Безрадостный и бедный пейзаж небогатых городских окраин тоже укладывается в две строки:
За окошком ветер мял акацию,Билось чье-то сизое исподнее…Это вам не «Белой акации гроздья душистые…» и не «Стонет сизый голубочек»!
Диалог тещи Ксении Павловны с дочерью, с репликами в два-три слова, упакован в пять строф. В концовке его спрессованы вся мудрость, терпение и великодушие «простой русской женщины» (как любила выражаться тогдашняя пресса):
– Пить-то пьет? —Как все, по воскресениям!– Риткин пьет, вся рожа окарябана!…Помолчали, хрустнуло печение,И, вздохнув, сказала теща Ксения:– Ладно уж, прокормим окаянного…«Больничная цыганочка» написана от первого лица – от имени шофера большого начальника, попавшего вместе с ним в больницу после аварии. И авария-то случилась по вине этого самого выпившего начальника, «все хватавшего баранку рукой», но ему в отдельную палату «возят еврея-профессора» и «создают персональный уют». Между больничным и житейским бытом того и другого – пропасть, но когда начальник умирает от инфаркта, обнаруживается, что в войну этой пропасти не было:
Да, конечно, гражданка [то есть гражданская жизнь] гражданочкой,Но когда воевали, братва,Мы ж с ним вместе под этой кожаночкойНочевали не раз и не два…И потрясенный читатель/слушатель понимает: шофер и начальник – один народ, одно военное поколение, и от этого единства нам никуда не уйти. Да и не видать его больше, этого единства, исчезнувшего навсегда.

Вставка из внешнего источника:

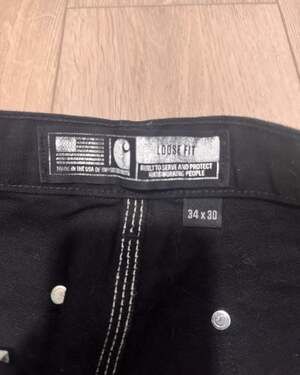 Carhartt B01 Loose Fit Firm Duck Double-Front Utility Work Pants in Black, Size 34x30. Made in the USA.
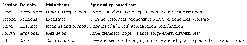 Intervention. Spiritual intervention was implemented based on a proposed protocol by Bussing et al.2 in four domains of religious (excellence), existence (meaning and purpose), emotional (relaxation) and social (communication). It was performed over five sessions before starting chemotherapy in the ward (Table 1). The duration of sessions varied from 30 to 50 minutes. The applied strategies in this intervention included interactive negotiation, mutual questioning and answering, short audio or video clips, book introduction, booklet, and expressing personal experience related to the above four domains. Intervention had been performed by the third author of this article who is a nurse with clinical experience working in oncology settings as well as with supporting of a spiritual counselor. The participants in the control group had received usual cares.
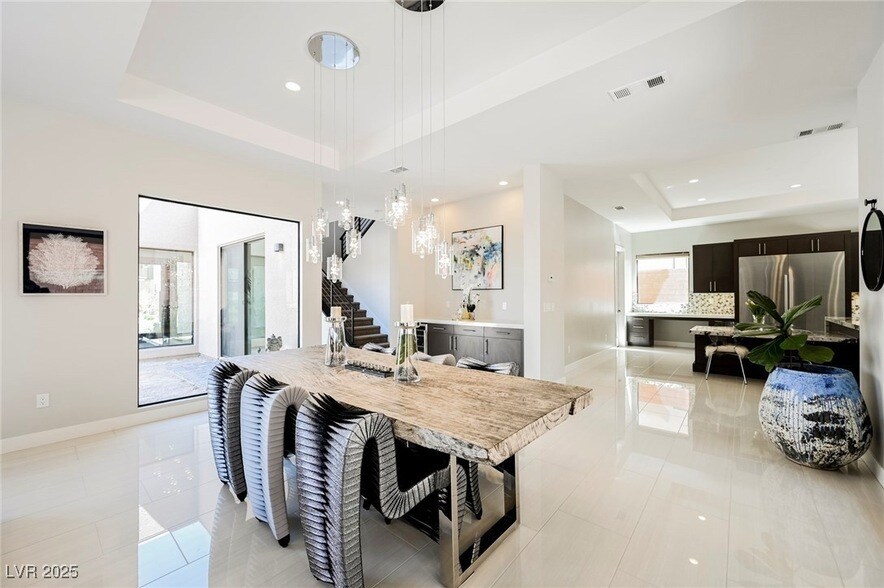 Step inside this contemporary two-story in Sterling Ridge, and you're immediately transported into a world of modern luxury. Form and function intersect in this home, and an elegantly simple black and white decor emphasize its unique artistic aesthetic. Polished white stone flooring grounds the space, while large black-paned windows and sliding glass doors immerse the interiors in natural light. The open floor plan features an expansive great room, kitchen, and bar- designed to entertain. The kitchen boasts espresso-toned cabinets, top-of-the-line appliances, and a combination of polished white quartz and granite countertops. Sliding glass doors lead to both the rear patio and central courtyard. The home sits on nearly a quarter-acre of land. This distinctive residence, built-in 2018, has 3,776 square feet of living space, 4 bedrooms, 4.5 bathrooms, and a 3-car garage.**Home is being offered fully furnished**
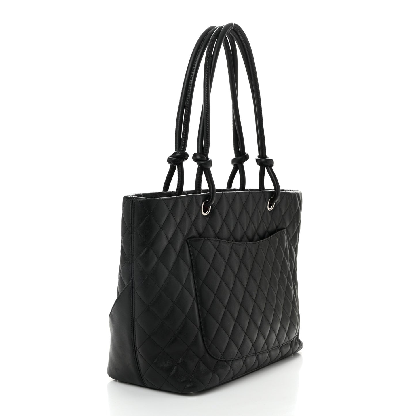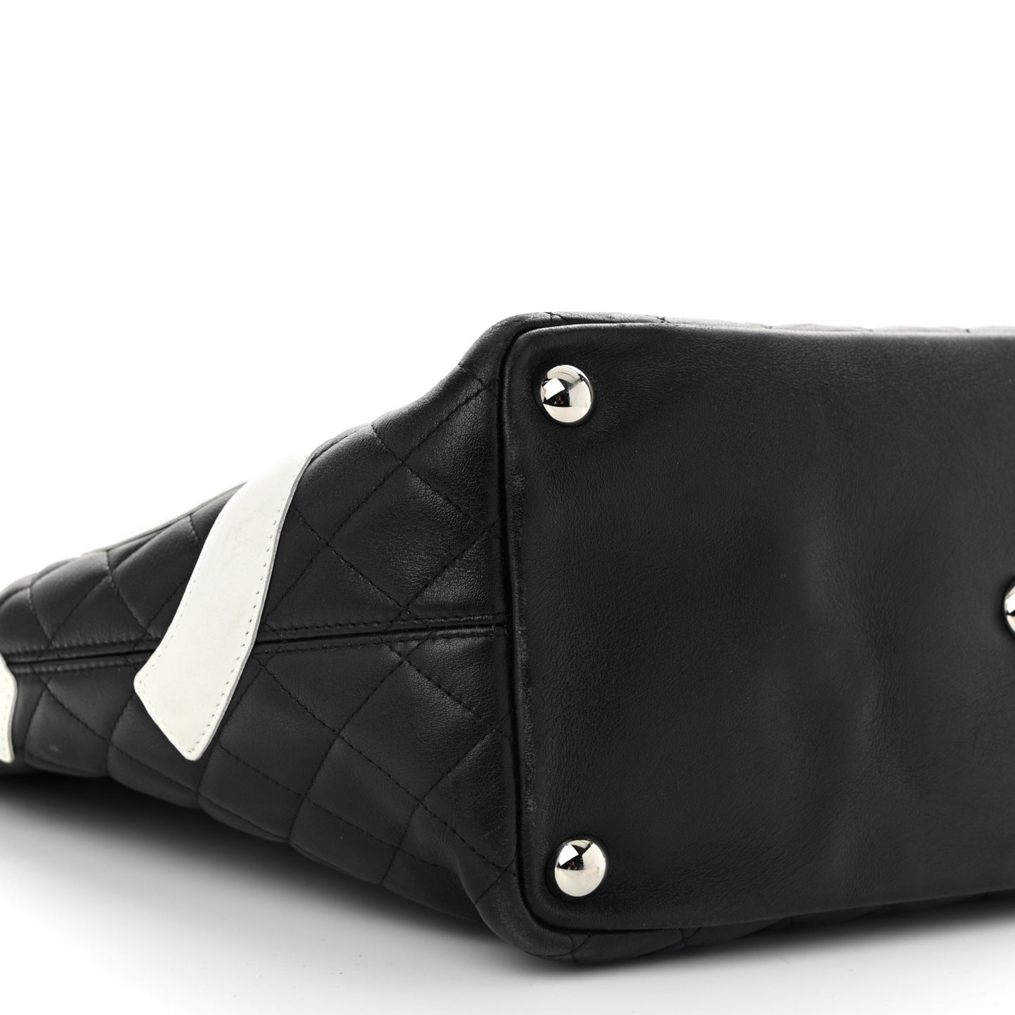 This is an authentic CHANEL Calfskin Quilted Large Cambon Tote in Black and White. This stylish shoulder bag is beautifully crafted of soft diamond quilted calfskin leather in black. The handbag features leather rope top handles that are knotted at the ends and a large offset leather Chanel CC logo patch to one side. The top zipper opens to a bright pink Chanel monogram fabric interior with zipper and patch pockets.Follow this item for alerts. Chanel is a registered trademark of Chanel. FASHIONPHILE is not affiliated with Chanel.
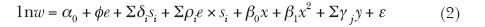 Donde φ es el coeficiente asociado a los años de escolaridad, δ es el coeficiente asociado a cada uno de los segmentos ocupacionales (s) i del mercado dual, s es una variable dicotómica indicando presencia o ausencia del individuo en el segmento ocupacional del mercado laboral segmentado i, ρ es el coeficiente asociado a la interacción entre los años de escolaridad (e) en el segmento ocupacional (s) i del mercado dual, Β son los coeficientes asociados a las variables de edad x y x2 que son utilizadas como proxies de experiencia, γ son los coeficientes asociados a otras variables de control j (por ejemplo, sexo, sindicato), y ε es un término de error aleatorio con media cero.

2) Социальный раскол общества, часто сводящийся к разному уровню житейского комфорта, с разной мерой таланта изображало множество литераторов, но Галич, один из очень немногих, показал и другой, непримиримый, не прощенный и не прощаемый раскол между палачами и жертвами, между теми, кто сажал, и теми, кто сидел.
Песня «Желание славы» вновь переносит слушателя в больничную палату:
Справа койка у стены, слева койка,Ходим вместе через день облучаться,Вертухай и бывший «номер такой-то»,Вот где снова довелось повстречаться!И вроде бы оба «на пенсии теперь, на покое», им «теперь невмоготу друг без друга». Но, не выдержав, бывший вертухай перед смертью выхаркивает:
«Жаль я, сука, не добил тебя в Вятке,Больно ловки вы, зэка, больно ловки…»Галич, однако, не был бы Галичем, если бы не вывернул эту ситуацию еще одной, последней, такой обычной, но ошеломляющей стороной:
Я простынкой вертухая накрою…Все снежок идет, снежок над Москвою,И сынок мой по тому по снежочкуПровожает вертухаеву дочку…Несмотря на умиротворяющий, все заносящий снежок, примирением тут и не пахнет. И я начинаю понимать, что пропасти-то нет, нет раскола, а есть трагический нерасторжимый сплав, вошедший в национальный характер. И это не «стокгольмский синдром», это нечто более глубокое и не познанное до сего дня.
Попробую проиллюстрировать этот непознанный российский синдром сценкой из недавнего прошлого. Осенью 2012 года моя родная тетка Раиса Ивановна, младшая мамина сестра, праздновала свое 90-летие. И ей, первой из семьи поехавшей в Ухт-Печорский пересыльный лагерь к своему отцу, Ивану Николаевичу Павловскому, в день 90-летия ее старший сын, мой любимый двоюродный брат Сережа, приколол на грудь медаль с изображением Сталина. Почти все сидящие за столом зааплодировали… Кроме меня и моего сына. А я в очередной раз вспомнила, как мама за несколько недель до смерти сказала мне горько и спокойно: «Всю жизнь я пыталась выдавить из себя кровь раба. Не удалось. Но может быть, удастся тебе…»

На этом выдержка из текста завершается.